JDSU Is Still an Optical Force
Everyone has an SDN play these days, even optical components companies like JDSU. Brandon Collings, CTO of communications and commercial optical products at JDSU (Nasdaq: JDSU; Toronto: JDU), recently told Light Reading, "In software defined networks, our hardware enables our customers -- the equipment manufacturers -- to be more flexible and cost-efficient with their equipment. They can focus on the control plane, where they add SDN value."
Maybe it's an indirect SDN play, but part of how JDSU highlights the significance of its contribution at the optical components level. Though the company has spent much of the last year binging on acquisitions in the test and measurement sector, it made some announcements this week at OFC 2014 in San Francisco reminding the industry that it's also a long-standing player in the market for optical transceivers, pump lasers, and other optical components.

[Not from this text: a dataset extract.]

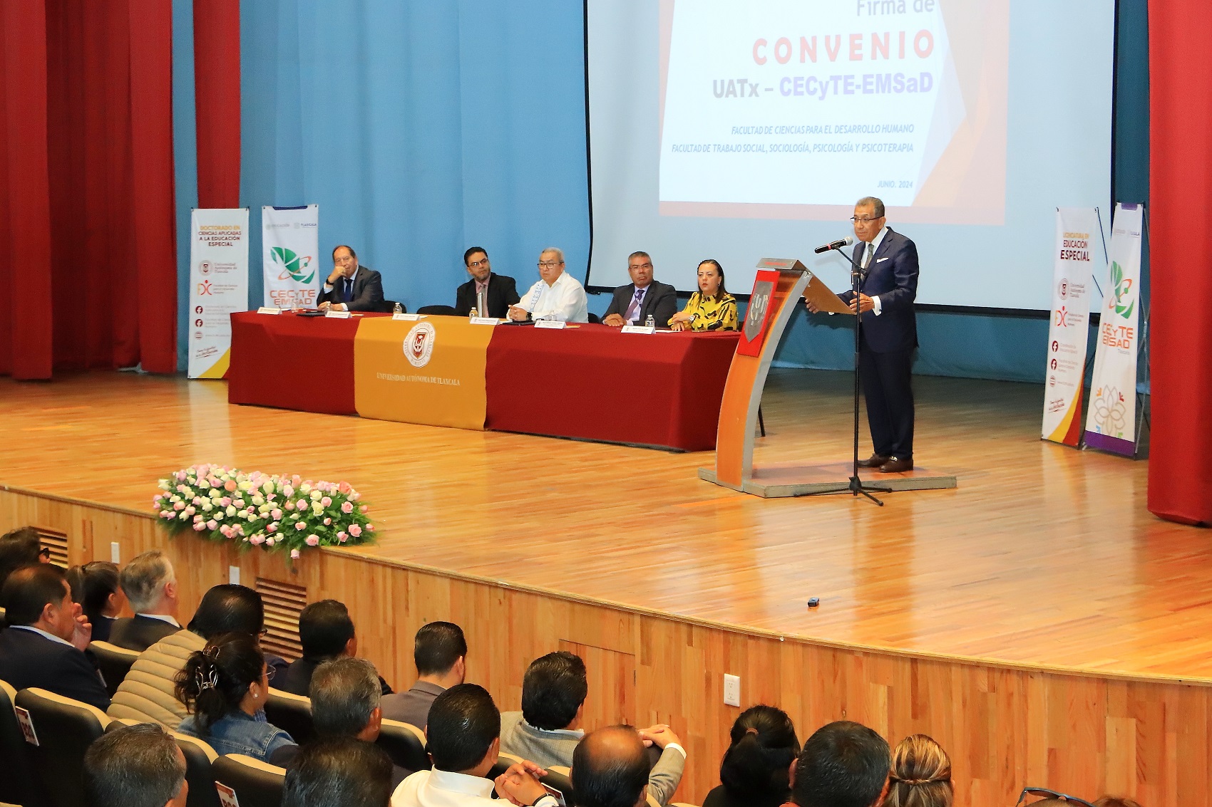 Con el fin de establecer una vinculación relativa a capacitación, así como de asesoría para docentes, estudiantes y padres de familia sobre temas de inclusión, violencia y conductas disruptivas en jóvenes, el Doctor Serafín Ortiz Ortiz, Rector de la Universidad Autónoma de Tlaxcala (UATx), y el Doctor Homero Meneses Hernández, Secretario de Educación Pública del Estado, signaron un convenio marco general de colaboración académica en las instalaciones del Teatro Universitario.

The new offerings include a CFP4 LR4 transceiver module, super-transport ROADM blade, a tunable SFP+ transceiver and pump lasers aimed at reducing power consumption in much needed signal amplification for 100G networks. (See JDSU Preps Optical Components, Test Gear for OFC.) Regarding those pump lasers Collings said, "Next-gen networks are using more power at 100G for amplification over long distances, so there's a need to develop more cost-efficient lasers with reduced power consumption."
Product announcements aside, financial analysts seem to like what they are hearing from JDSU. After meeting with JDSU at OFC this week, MKM Partners Managing Director Michael Genovese wrote in a research note that improved 100G demand in North America later this year and the prospect for 100G business in China through Huawei Technologies are brightening his outlook for JDSU. "While Huawei tends to assemble its own line cards through related entities, it seems unlikely that it will vertically integrate into high-end 100G components (modulators and tunable laser assemblies) that it sources from JDSU as the primary vendor," he wrote.
The optical news comes after JDSU has had a busy year beefing up its test and measurement business via acquisitions of Trendium, Network Instruments, and Arieso. (See JDSU Buys More 4G SPIT Smarts, JDSU Acquires Network Instruments, and JDSU Acquires Arieso for $85M.)
That binge might have put JDSU's optical efforts into the shadows, but in reality the company has been upbeat about optical since early 2013. It seems far removed from the days when it was rumored to be exiting the optical sector, and even further removed from the dark days of the early aughts. (See JDSU Sees Growth in Optical & SPIT, JDSU May Be Mulling Optical Exit, and JDSU Writes Off Billions More.)